> WHAT YOU NEED TO DO
Starting with the first line below, extract each line through the one that contains "Lago di Palagnedra", inclusive, excluding pictures.

> INFORMATION SHOWN
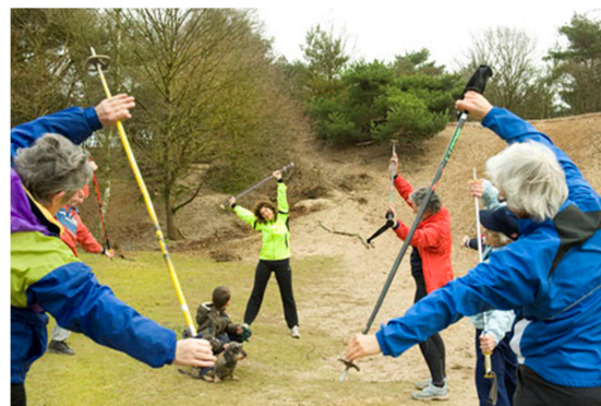
Met SneeuwFit-training bereid je je goed voor
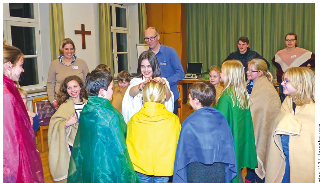
Über 90 Kinder und 90 Eltern erlebten 2025 die gemeinsamen Wochenenden in der Landvolkshochschule
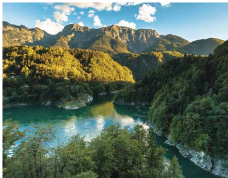
Lago di Palagnedra

Die Fahrt beginnt in Locarno in Richtung Cannobio, auf einer sanft gekurvten Strasse mit Sicht auf den See. In Cannobio beginnt die Strasse zum Valle Cannobina, die von Wäldern und einer Abfahrt über eine Bergstrasse mit engen Kurven charakterisiert ist. Am Schnittpunkt mit Malesco biegt man in die Strasse ein, die durchs Val Vigezzo über Re mit der berühmten Wallfahrtskirche ins Centovalli führt. Weiter kurvig durch das Centovalli, vorbei an unverkennbaren Dörfern. Für ein paar Kilometer genießt man von der Strasse aus einen faszinierenden Blick auf den Fluss Melezza, deren Farben ein Spektakel für Herz und Auge bietet – es lohnt sich, dafür einen Zwischenhalt einzulegen. Über eine schmale malerische Brücke erreicht man Intragna, bekannt für seinen freistehenden hohen Kirchturm.

> WRITTEN REPLY
Met SneeuwFit-training bereid je je goed voor
Über 90 Kinder und 90 Eltern erlebten 2025 die gemeinsamen Wochenenden in der Landvolkshochschule
Lago di Palagnedra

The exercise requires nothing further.